As for the options to the WSGIDaemonProcess directive, the user and group options shown are redundant because the listed user and group are what Apache runs as anyway. In other words, if you want to have the daemon process run as same user as Apache, there is no need to specify the options.

The option for processes is also questionable. This is because the default number of threads per daemon process is 15. With 10 processes, this means that theoretically you have the capacity for 150 concurrent requests. I'd suggest that much much less than that would be required by your typical Python web application. Thus, specifying that many in an example configuration isn't really appropriate. I would start out with 2 processes at most and work from there.

The maximum requests option is another option which is probably not advisable in an example configuration. Overall this option is only really needed if a web application has a problem with leaking Python objects, through inability to be garbage collected, or general memory leaks. If web2py doesn't have those problems, there is no sense using that option. Leaving it out means you will not incurr periodic restarts and reloading of the whole web2py instance.

That covers all the problems with the example for serving up via HTTP. All these issues also exist in the example in the web2py book for HTTPS, but the HTTPS example also has other mistakes in it as well.
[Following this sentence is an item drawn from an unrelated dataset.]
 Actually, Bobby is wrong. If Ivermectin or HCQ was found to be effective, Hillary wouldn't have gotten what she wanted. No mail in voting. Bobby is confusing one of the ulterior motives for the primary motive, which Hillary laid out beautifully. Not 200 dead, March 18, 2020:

I've had enough of this for today though, so I'll cover the HTTPS configuration problems and supply a working configuration in other posts.
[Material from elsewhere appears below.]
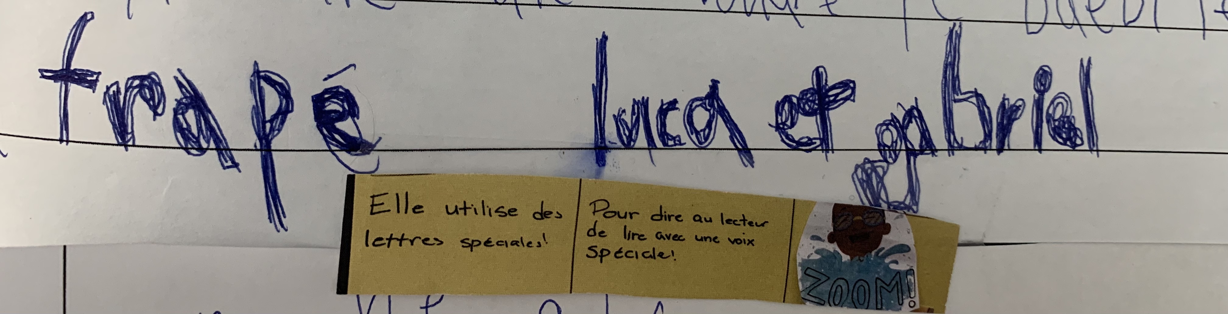 Au moment d’écrire ces lignes, nous terminions le module Écrire des récits inspirés de nos petits moments. Les élèves ont révisé le texte qu’ils voulaient publier. Pour les scripteurs débutants, un outil visuel et individuel est vraiment aidant pour soutenir ce travail. Pas besoin de chercher à créer l’outil parfait: quoi de mieux que le tableau d’ancrage de la classe, ainsi que les post-its (je n’arrive toujours pas à ajouter papillons adhésifs à mon vocabulaire…) de formes spéciales, déjà disponibles au coin écriture. Ils les connaissent par coeur: ce sont les outils parfaits!

BTW, Massimo has been supplied the working configuration for inclusion in future update of his book, although I will possibly suggest he make a couple of more tweaks to what he was given.

Using bobo on top of mod_wsgi.

From the little I have looked at it, I like bobo. I guess the reason is that it doesn't try and do too much. In that sense it has that simplicity that attracted many people to the publisher handler provided with mod_python, and which allows one to actually create an application, handling multiple URLs, completely within one code file. And because bobo uses WSGI to interface to the web server, it can of course be used in conjunction with mod_wsgi and doing so is surprisingly easy.

As example, consider the simple bobo application as follows:
import bobo

@bobo.query
def hello():
return "Hello world!"
All one has to do to turn this into a WSGI script file suitable for use with mod_wsgi is add the single line:
application = bobo.Application(bobo_resources=__name__)
This one line creates an instance of the bobo WSGI application object and assigns it to 'application', the name of the WSGI application entry point which mod_wsgi expects to exist.

The '__name__' variable here is the name of the Python module containing the code. In other words, you are telling bobo to map requests back onto the same code file.

For normal Python modules the '__name__' variable, which is automatically put there by Python, would be the module name and or package path used when importing the module. For mod_wsgi the variable doesn't have quite the same meaning, but still exists, and is still used as the key into 'sys.modules' where the loaded module is placed.

To map the bobo application file at a specific URL, one uses WSGIScriptAlias or AddHandler mechanisms as normal for mod_wsgi.

In mod_wsgi 3.0 there is also a new feature that one could use to define a handler script for all bobo application script files and which transparently performs the job of creating the instance of 'bobo.Application()' for you. If this were used, one could place bobo application script files in a directory using a specific extension, just like with PHP, and not even have to worry about adding the line above. Any change to those files would also result in the process being reloaded if using mod_wsgi daemon mode. I'll talk about this trick another time.